==== EXERCISE DATA
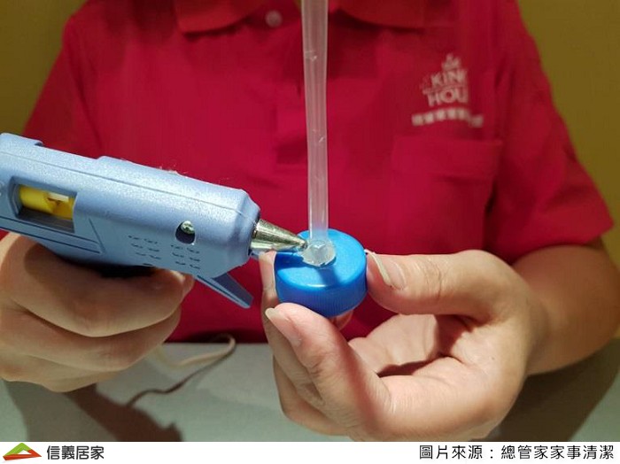 Step3.吸管穿入瓶蓋,但不需太長,用熱熔膠密封瓶蓋外端與吸管的交接處
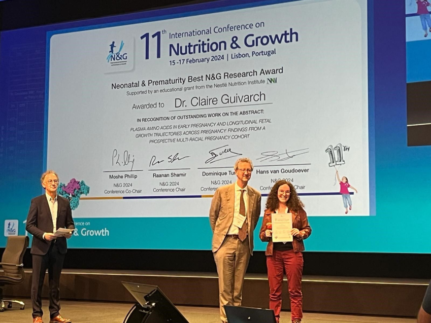 C’est lors de la cérémonie d’ouverture de la Conférence internationale sur la nutrition et la croissance (N&G) que Claire GUIVARCH (Alimentation & Santé, 2019, Beauvais) a reçu le Prix de la Meilleure Recherche dans la catégorie Néonatologie et Prématurité pour ses travaux sur "Les Acides Aminés Plasmatiques en Début de Grossesse et les Trajectoires de Croissance Fœtale Longitudinales Pendant la Grossesse : Résultats d'une Cohorte de Grossesse Prospective Multi-ethnique".
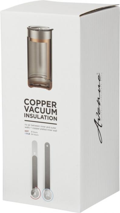 Dwuścienna próżniowa konstrukcja ze stali nierdzewnej, miedziana powłoka. Kubek ten utrzymuje temperaturę zimnych napojów do 24 godzin, a gorących co najmniej 8 godzin. Konstrukcja ścianek zapobiega kondensacji na zewnątrz. Pojemność wynosi 500 ml. Zapakowany w pudełko upominkowe Avenue. Stal nierdzewna.
========
WHAT THE EXERCISE ASKS: Reproduce the listing word for word, but keep the pictures out of it.

EXERCISE OUTPUT:
 Step3.吸管穿入瓶蓋,但不需太長,用熱熔膠密封瓶蓋外端與吸管的交接處
 C’est lors de la cérémonie d’ouverture de la Conférence internationale sur la nutrition et la croissance (N&G) que Claire GUIVARCH (Alimentation & Santé, 2019, Beauvais) a reçu le Prix de la Meilleure Recherche dans la catégorie Néonatologie et Prématurité pour ses travaux sur "Les Acides Aminés Plasmatiques en Début de Grossesse et les Trajectoires de Croissance Fœtale Longitudinales Pendant la Grossesse : Résultats d'une Cohorte de Grossesse Prospective Multi-ethnique".
 Dwuścienna próżniowa konstrukcja ze stali nierdzewnej, miedziana powłoka. Kubek ten utrzymuje temperaturę zimnych napojów do 24 godzin, a gorących co najmniej 8 godzin. Konstrukcja ścianek zapobiega kondensacji na zewnątrz. Pojemność wynosi 500 ml. Zapakowany w pudełko upominkowe Avenue. Stal nierdzewna.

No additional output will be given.